In strode Snaggletooth and with the exception of Malcolm the circle of regulars at The Empire Grille was now complete. He made himself comfortable in the empty seat next to Baron.
“Snag…. Hey buddy…Ya made it”. Collectively came out of everyone’s mouths’.
Tucker and Buster simply waved either a partially eaten drumette or mug of beer while still processing dinner.
They all sat in their perspective locations; BC at the far end of the bar in partial darkness still punishing himself for his latest faux’ pas and nursing his fourth whiskey, then Snaggletooth, Baron and Les, together as usual. And finally at the opposite end sat Trucker and Buster, just now awakening from an aggressive bout of eating. The two pushed their plates away and stretched, burping repeatedly.
Snaggletooth was one of the most colorful of the group. Having been a street cop in Hell’s kitchen most of his life, he had been drawn to Southern California after watching almost forty Rose Parades on television sitting together with his wife in their tiny, frigid Bronx apartment. Sometimes after looking out the window at the New York skyline in a deep freeze he would turn to his wife and vow that someday the two would experience the event in person.
One day he turned to tell her but she was gone.

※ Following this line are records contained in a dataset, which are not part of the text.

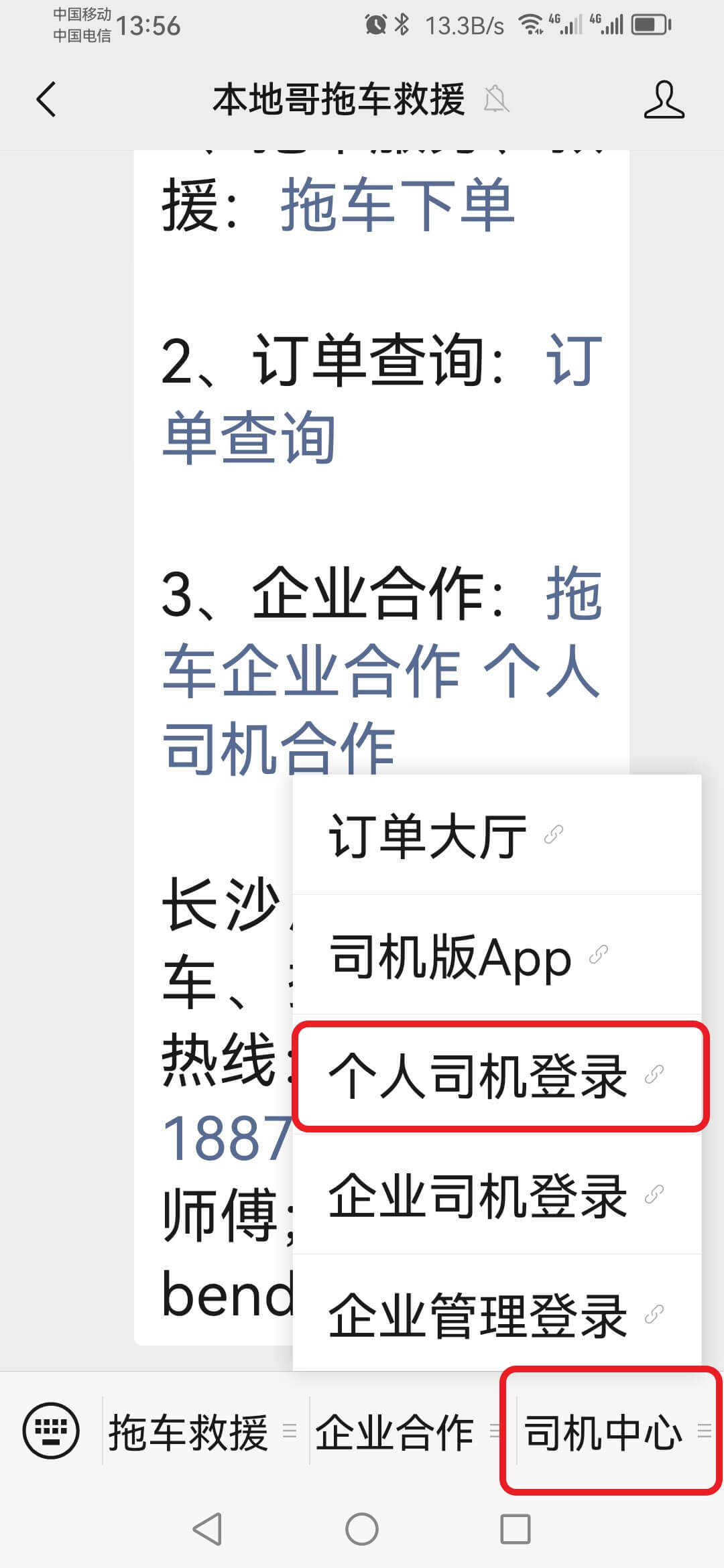1.打开公众号首页,点击右下角菜单栏【司机中心】【司机版App】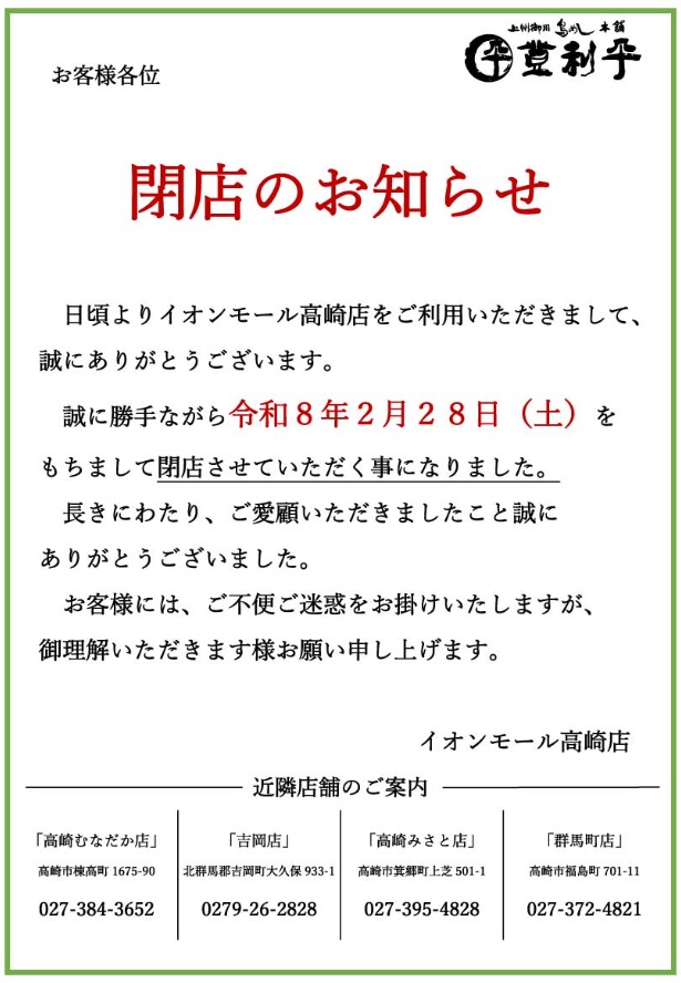 登利平 イオンモール高崎店が2月末で閉店するそうです。 去年、前橋住吉店がなくなったばかりだったのに・・・。 お持ち帰りのお弁当ももちろん美味しいですが、お食事処もよく利用していたので残念です。 杜丸エリアに残るは、 ・ […]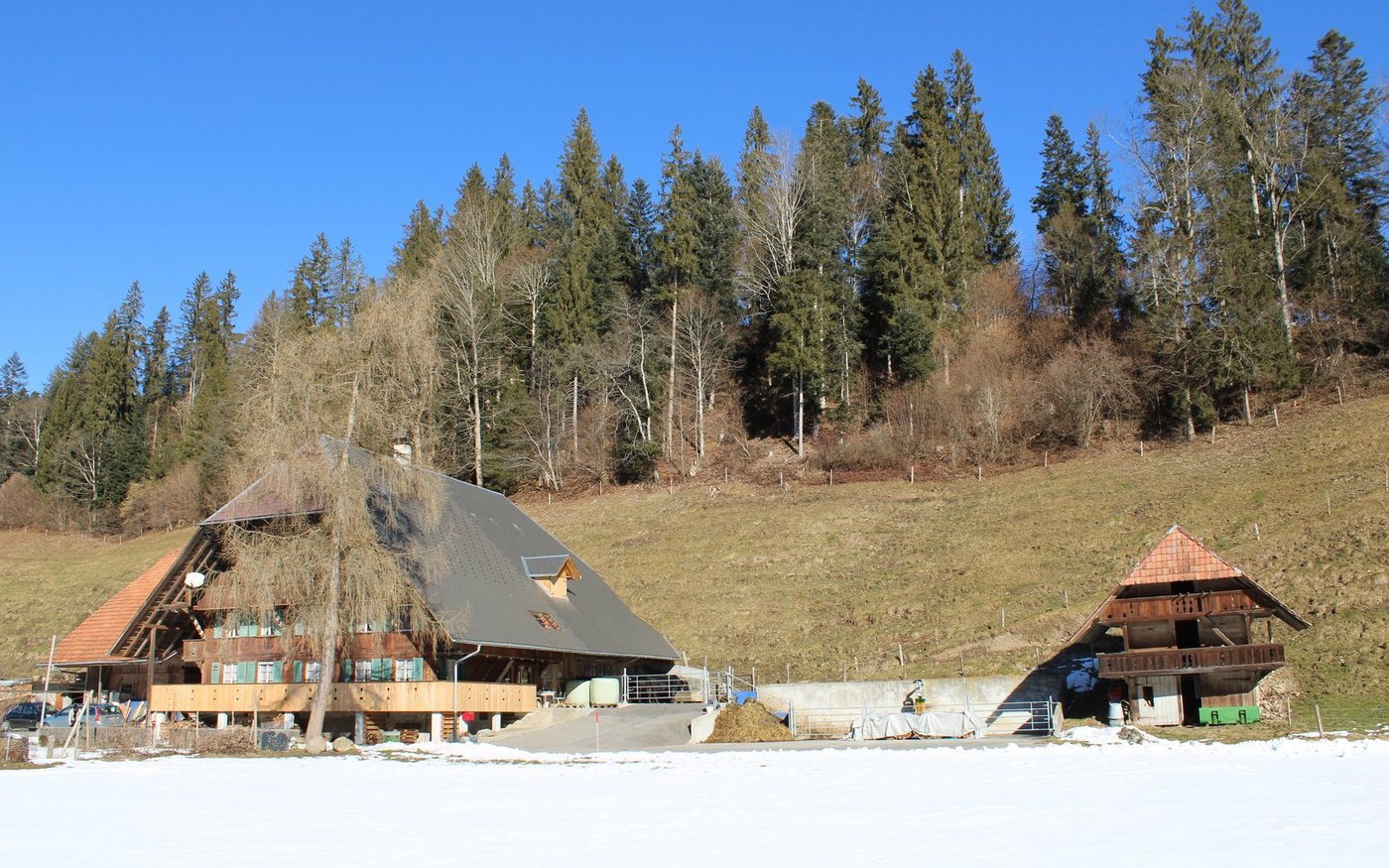 «Panakeia», ruft Gisela Schlüchter. Sofort kommt eine der Kühe zutraulich näher und lässt sich kraulen. Die Tiere stehen an diesem sonnigen Wintertag zufrieden im Laufhof und pflegen sich. Gisela Schlüchters Rinder sind handzahm, was die Arbeit im Stall sehr erleichtert. Sie bewirtschaftet seit 2014 den elterlichen Hof in Röthenbach BE. Ihr Werdegang verlief nicht geradlinig, dass sie dereinst den Hof übernehmen würde, war nicht von Anfang an geplant.

A year later he found himself standing on the corner of Colorado and Lake Street in Pasadena on a warm winter’s day watching the parade, alone and moribund. That night he ripped up his return ticket to New York and scattered the scraps of paper into the surf while walking along a strand of beach in Malibu. Re-married to a lusty redhead named Toni half his age he was also by far the happiest of the septuplets at the Empire.
Snaggletooth’s nickname was not derived from any lack of dental hygiene but rather the many oral surgeries he had to endure correcting and adjusting teeth and jawbones due to repeated injuries sustained capturing and wrestling bad guys on the mean streets of New York. He was a cop, his father was a cop and his father’s father was a cop. All three of his son’s are cops. Born William Michael Lanigan, the nickname was bestowed because of the array of disjointed teeth hiding behind meaty lips and walnut shell eyebrows framed by a wild salt and pepper beard. Together with the chapped blush weathered cheeks it effectively rendered him the appearance of a cartoon character lion.

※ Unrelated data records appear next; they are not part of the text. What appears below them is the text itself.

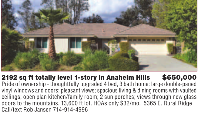 2192 sq ft totally level 1-story in Anaheim Hills $650,000 Pride of ownership - thoughtfully upgraded 4 bed, 3 bath home: large double-paned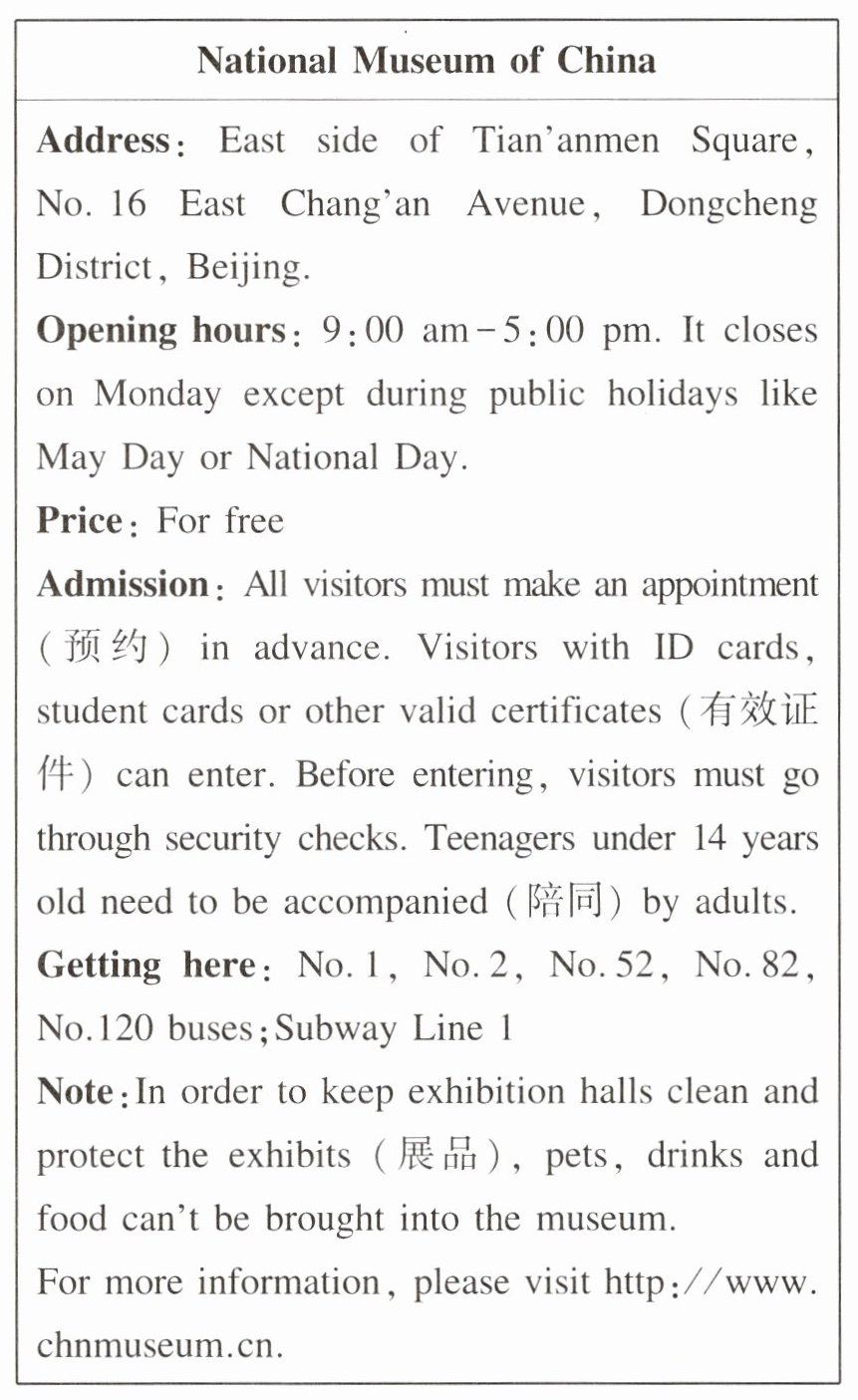 Mrs Li plans to visit the National Museum of China next Sunday with her son. She is looking for some information on its official website.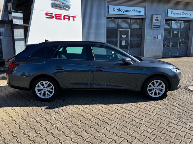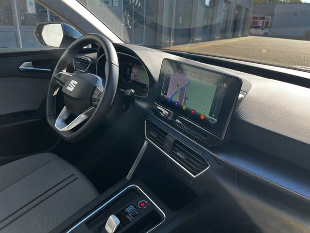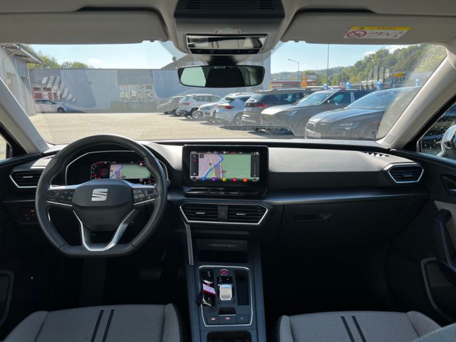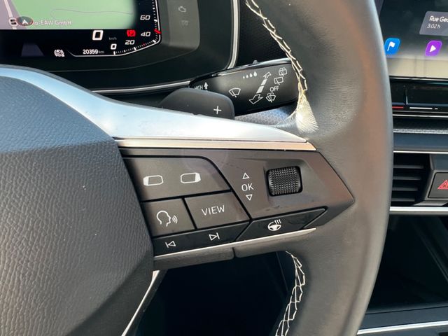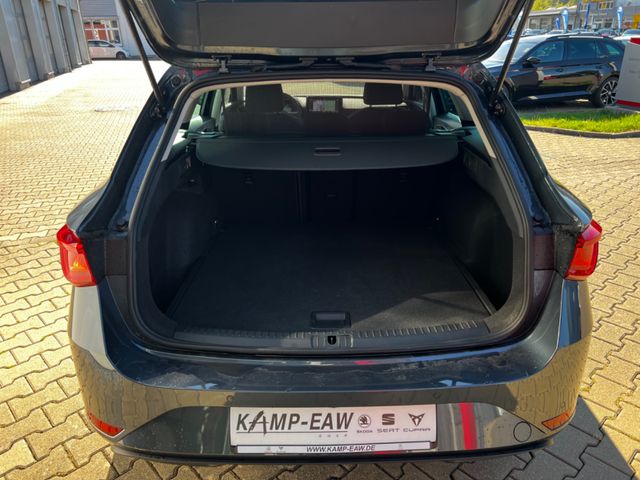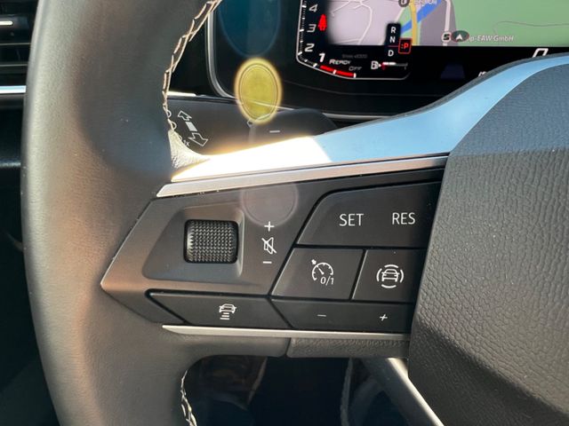 6 Lautsprecher, Ablagetasche an Vordersitzlehnen, Airbag Beifahrerseite abschaltbar, Airbag Fahrer-/Beifahrerseite, Antriebs-Schlupfregelung (ASR), Außenspiegel elektr. verstell- und heizbar, beide, Außenspiegel Wagenfarbe, Blinkleuchten LED in Außenspiegel integriert, Bluetooth-Schnittstelle mit Freisprecheinrichtung integriert, Bordcomputer, Dachreling, Durchladeeinrichtung (Mittelarmlehne hinten), Elektron. Querdifferentialsperre (XDS), Fahrassistenz-System: Müdigkeitserkennung, Fahrassistenz-System: Spurhalteassistent, Fahrassistenz-System: Umfeldbeobachtungssystem (Front assist) mit City-Notbremsfunktion, Fensterheber elektrisch vorn + hinten mit Komfortschaltung, Gepäckraumabdeckung / Rollo, Geschwindigkeits-Regelanlage (Tempomat) inkl. Geschw.-Begrenzer, Handschuhfach beleuchtet, Heckleuchten Voll-LED mit dynamischem Lichtband (Infinite Light), Isofix-Aufnahmen für Kindersitz, Karosserie: 5-türig, Klimaautomatik, Kofferraumbeleuchtung, Kopf-Airbag-System, Laderaumboden variabel und herausnehmbar, Lendenwirbelstütze Sitz vorn links, verstellbar, Lenkrad (Sport/Leder) mit Multifunktion, LM-Felgen, Mild-Hybrid 110 kW (Motor 1,5 Ltr. - 110 kW eTSI ACT), Mobile Online Dienste Seat Connect, Nebelscheinwerfer LED mit Abbiegelicht, Notrufsystem, Otto-Partikelfilter (OPF), Parkbremse elektrisch mit Auto-Hold-Funktion, Radioempfang digital (DAB+), Reifen-Reparaturset, Reifenkontroll-Anzeige, Rücksitzlehne geteilt/klappbar (1/3-2/3), Rücksitzlehnen umklappbar mit Fernentriegelung im Kofferraum, Schadstoffarm nach Abgasnorm Euro 6d, Schalt-/Wählhebelgriff Leder, Seitenairbag, Seitenairbag vorn mitte (Central Airbag), Sitz vorn links höhenverstellbar, Sitz vorn rechts höhenverstellbar, Sitzbezug / Polsterung: Stoff, Sonnenblende links mit Spiegel (beleuchtet), Sonnenblende rechts mit Spiegel (beleuchtet), Start/Stop-Anlage, Steckdose (12V-Anschluß) im Koffer-/Laderaum, Steckdose (12V-Anschluß) vorn, USB-Schnittstelle vorn (2-fach, Typ C), Verzurrösen Koffer-/Laderaum, Warnanlage für Sicherheitsgurt-System, Wärmeschutzverglasung- Metallic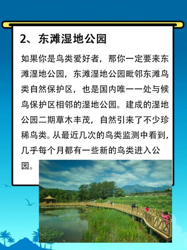 东滩湿地公园:这里是观鸟的好地方,有着丰富的生物多样性。春秋季节,成千上万的候鸟在此迁徙停歇,非常适合摄影爱好者。

Waiting for his drink Snaggletooth looked over at Les and Baron.
“So, what are we discussing tonight?” he asked with genuine curiosity.

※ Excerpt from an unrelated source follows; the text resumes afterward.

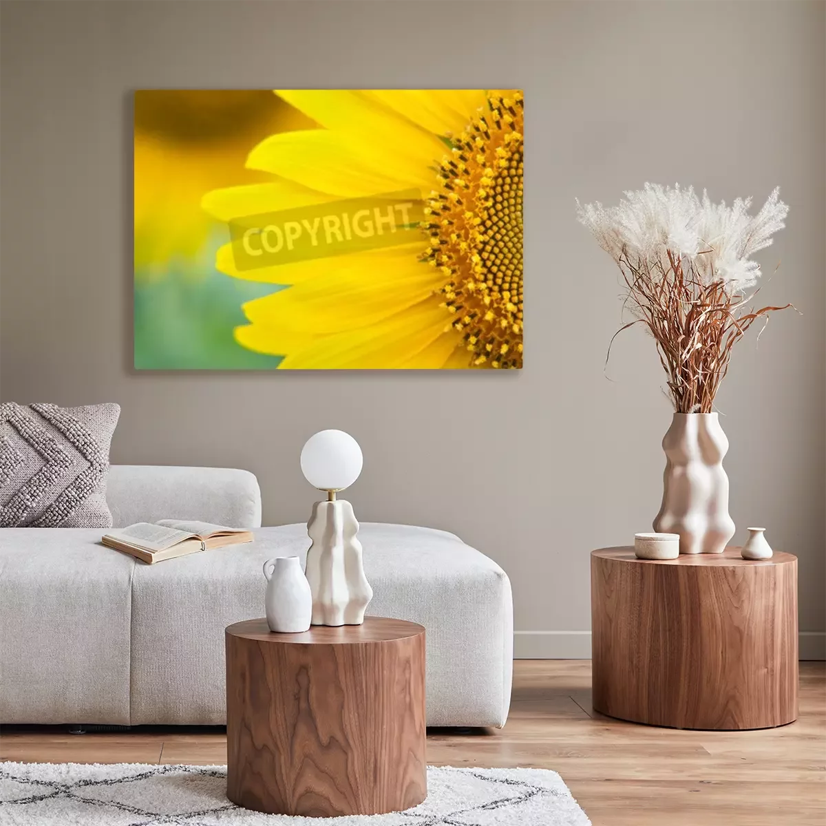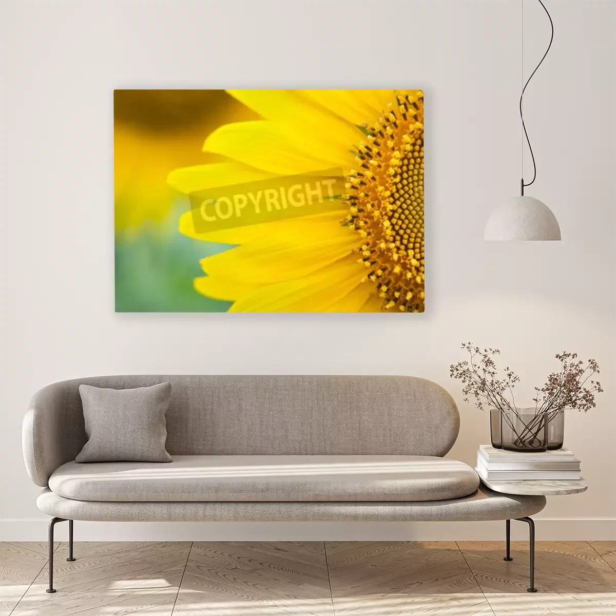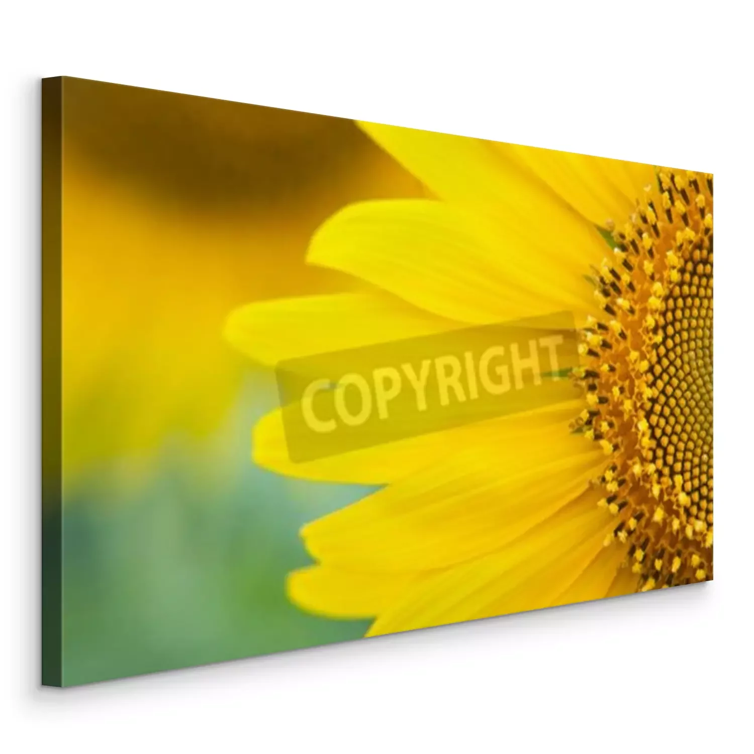 Canvas: Zonnebloem close-up. Heldere gele zonnebloemen. Zonnebloem achtergrond.

Baron looked over smiling. Les’s stare remained affixed to the big picture window and the cars on the freeway and answered, “Baron just informed us he has ten years to live”.
“Wow, ten years uh. You must already be in your eightys. How do you know this for sure?”
“I’ll never tell,” replied Baron, his eyes still twinkling.
“You know”, said Les, still gazing out the window. “That if given the chance between choosing a fool and a saint, always pick the fool because a saint may not get you into heaven and there’s always the chance a fool will.”
It took a moment for the comments to flow.
“Pretty deep, Les.”
“You can always count on Les.”
Baron remained conspicuously silent but eventually added his comment.
“You know my friend. Sumtimes yor verds are indeed quite eloquent, but den sumtimes I don’t know vat da hell you are talking about! Vat’s dis, a choice between a fool un a saint? Vat is dat? Vat da hell?”
Robbie in the back room was the first to laugh. Trucker, always on the alert for wit and obviously listening joined in. Buster, not wanting to be excluded, laughed because Trucker did. Everyone else joined in until the laughter waned and ebbed into background noise.
“Ya gotta love ‘em,” Trucker commented.
Robbie reappeared and poured Baron another Chablis.
“On the house,” he said smiling.
Other patrons, non-regulars, began filling empty seats. Malcolm appeared and took a seat next to Les.
Les looked at him and rolled his eyes.
“I could hear you guys clear out in the parking lot.”
BC was first to respond.
“First it was God and Superman, then Napoleon with atom bombs, fools, saints, all kinda stuff.”
“A B-52 BC. You keep sayin’ atom bombs!” Buster again protested.
“Wow! Sounds like you guys covered a lot of ground,” Malcolm commented.
Malcolm was the favorite. Clean cut and intelligent, he was the son they all wished they had except for Buster. Malcolm was a friend Buster always wished he had. Buster felt below Malcolm. Dropping out of high school at an early age Buster was unable to keep up with Malcolm’s social skills. Malcolm overlooked this small detail.
“Hey Malcolm, lemmie see your driver’s license,” Robbie demanded, his hand extended, palm up.
Malcolm obliged, handing Robbie his wallet.
“What’s going on guys?” Malcolm asked, looking at everyone.
“Says here your twenty two years old,” said Robbie, giving Malcolm the stink eye.
“Well, if your twenty two, that means I was serving you when you were still a minor.”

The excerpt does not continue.